* **Task description**
Among the lines below, the one containing "Сине-белая ванная комната" opens the range and the one containing "Нов Лавалиерен безжичен" closes it. Print that range exactly, without the pictures.

* **Data excerpt**
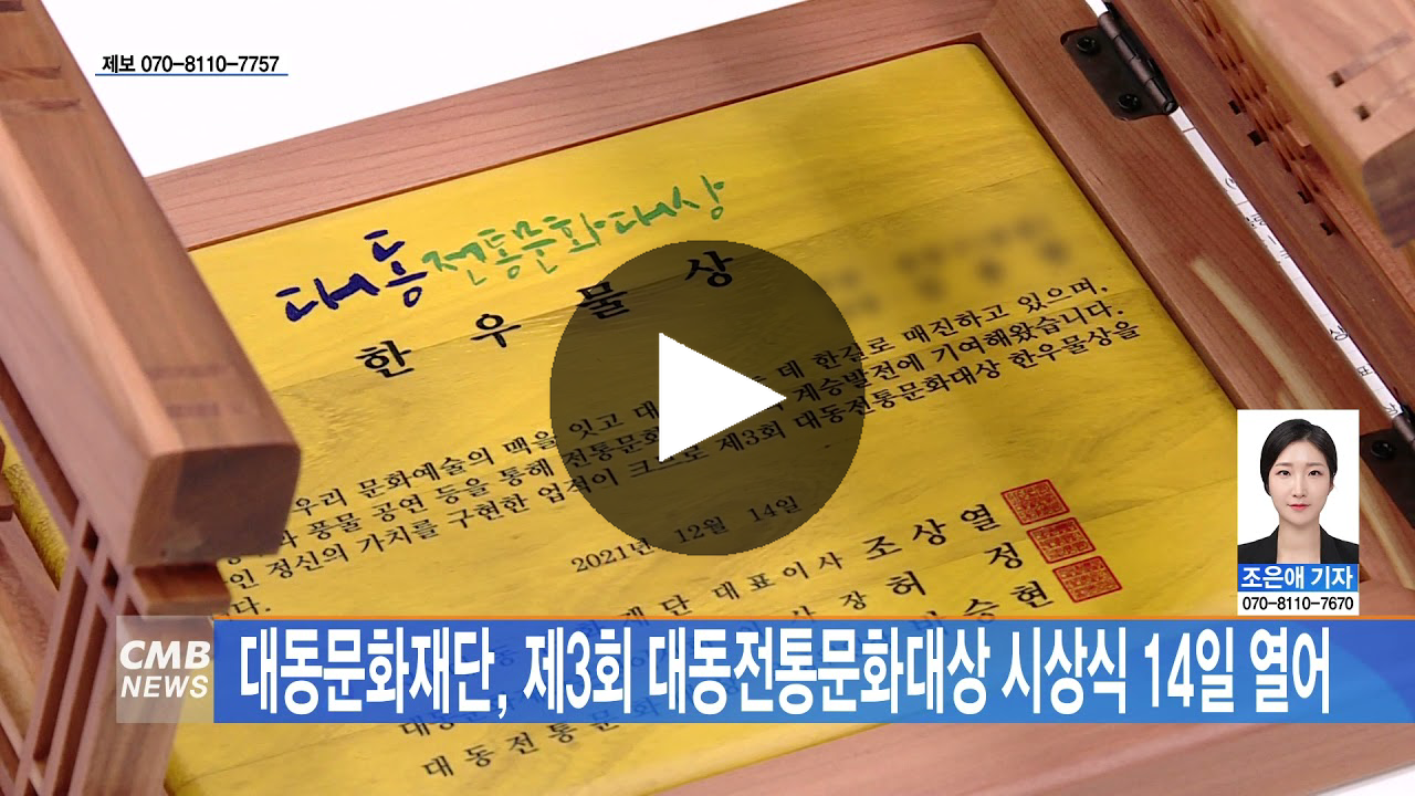 언론 보도 보기 🎥 YTN news '꽃피는 찻사발'·닻배 노래...전통을 잇는 사람들' 🎥 CMB NEWS '대동문화재단, 제3회 대동전통문화대상 시상식 14일 열어' 🎥 CNN21코리아 '제3회 대동전통문화대상 시상식' 현장 영상 🎥KBS NEWS '제 3회 대동전통문화대상' 시상식 개최(보도 영상 보기) 📗 무등일보 2021.12.16. "전통의 맥 잇다" 3회 대동전통문화대상 시상식 성료(기사 읽기) 📗광주매일신문 2021.12.16. '문화유산부문' 김학근, '미술부문' 조재호, '공연부문' 조오환(기사 읽기) 📗광남일보 2021.12.15. 제3회 대동전통문화대상 시상식 '성료'(기사 읽기) 📗채널코리아뉴스 2021.12.15 제3회 대동전통문화대상 시상식 성료(기사 읽기) 📗전남매일 2021.12.14. 대동전통문화대상에 김학근·조재호·조오환(기사 읽기) 앞으로도 우리 전통문화의 가치를 전파하고 계승하기 위해 매진하는 '전통문화 지킴이' 대동문화재단이 되겠습니다. 문화나눔 실천에 함께 해주신 많은 분들께, 또 관심가져주시고 지켜봐주신 모든 분들께도 진심으로 감사드립니다. 올 3회에 이어 앞으로 30회, 100회까지 이어나갈 수 있도록 최선을 다해 준비하겠습니다. 열여덟분의 수상자들께도 다시 한번 축하 말씀 올립니다. 감사합니다. -대동문화재단 대표 조상열 및 임직원 일동 올림-
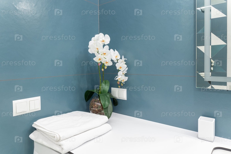 Сине-белая ванная комната с большим зеркалом, полотенцами, освещением и столешницей. Чистая и свежая ванная комната с современным освещением. Просторная ванная комната, чистая, красивая, роскошная, светлая комната
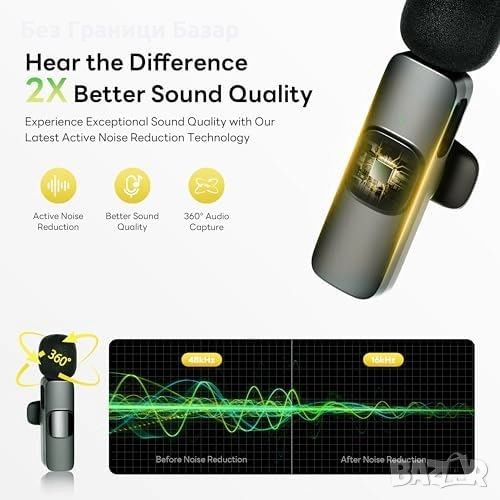 Нов Лавалиерен безжичен микрофон с клипс за видео и стрийминг TikTok YouTube запис
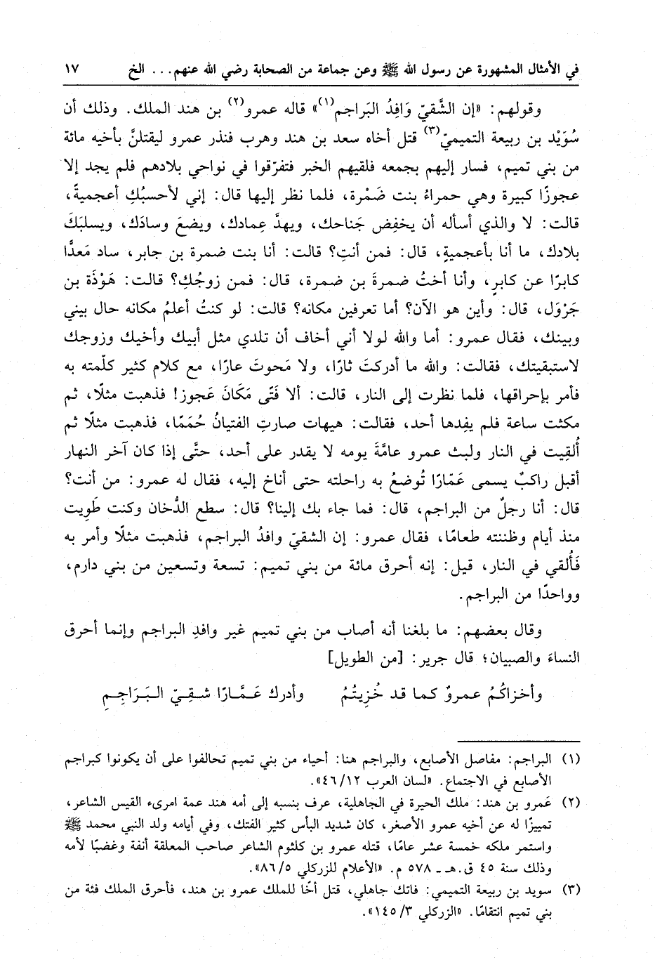 وقولهم : " إن الشقي وافد البراجم " قاله عمرو بن هند الملك . وذلك أن سويد بن ربيعة التميمي قتل أخاه سعد بن هند وهرب فنذر عمرو ليقتلن بأخيه مائة من بني تميم ، فسار إليهم بجمعه فلقيهم الخبر فتفرقوا في نواحي بلادهم فلم يجد إلا عجوزا كبيرة وهي حمراء بنت ضمرة ، فلما نظر إليها قال : إني لأحسبك أعجمية ، قالت : لا والذي أسأله أن يخفض جناحك ، ويهد عمادك ، ويضع وسادك ، ويسلبك بلادك ما أنا بأعجمية ، قال : فمن أنت ؟ قالت : أنا بنت ضمرة بن جابر ، ساد معدا كابرا عن كابر ، وأنا أخت ضمرة بن ضمرة ، قال : فمن زوجك ؟ قالت : هوذة ابن جرول ، قال : وأين هو الآن ؟ أما تعرفين مكانه ؟ قالت : لو كنت أعلم مكانه حال بيني وبينك ، فقال عمرو : أما والله لولا أني أخاف أن تلدي مثل أبيك وأخيك وزوجك لاستبقيتك ، فقالت : والله ما أدركت ثارا ، ولا محوت عارا ، مع كلام كثير كلمته به فأمر بإحراقها ، فلما نظرت إلى النار ، قالت : ألا فتًى مكان عجوز فذهبت مثلا ، ثم مكثت ساعة فلم يفدها أحد ، فقالت : هيهات صارت الفتيان حمماً ، فذهبت مثلا ثم ألقيت في النار ولبث عمرو عامة يومه لا يقدر على أحد ، حتى إذا كان آخر النهار أقبل راكب يسمى عمارا توضع به راحلته حتى أناخ إليه ، فقال له عمرو : من أنت ؟ قال : أنا رجل من البراجم ، قال : فما جاء بك إلينا ؟ قال : سطع الدخان وكنت طويت منذ أيام وظننته طعاما ، فقال عمرو : إن الشقي وافد البراجم ، فذهبت مثلا وأمر به فألقى في النار ، قيل : إنه أحرق مائة من بني تميم : تسعة وتسعين من بني دارم ، وواحدا من البراجم .

* **Result for this task**
 Сине-белая ванная комната с большим зеркалом, полотенцами, освещением и столешницей. Чистая и свежая ванная комната с современным освещением. Просторная ванная комната, чистая, красивая, роскошная, светлая комната
 Нов Лавалиерен безжичен микрофон с клипс за видео и стрийминг TikTok YouTube запис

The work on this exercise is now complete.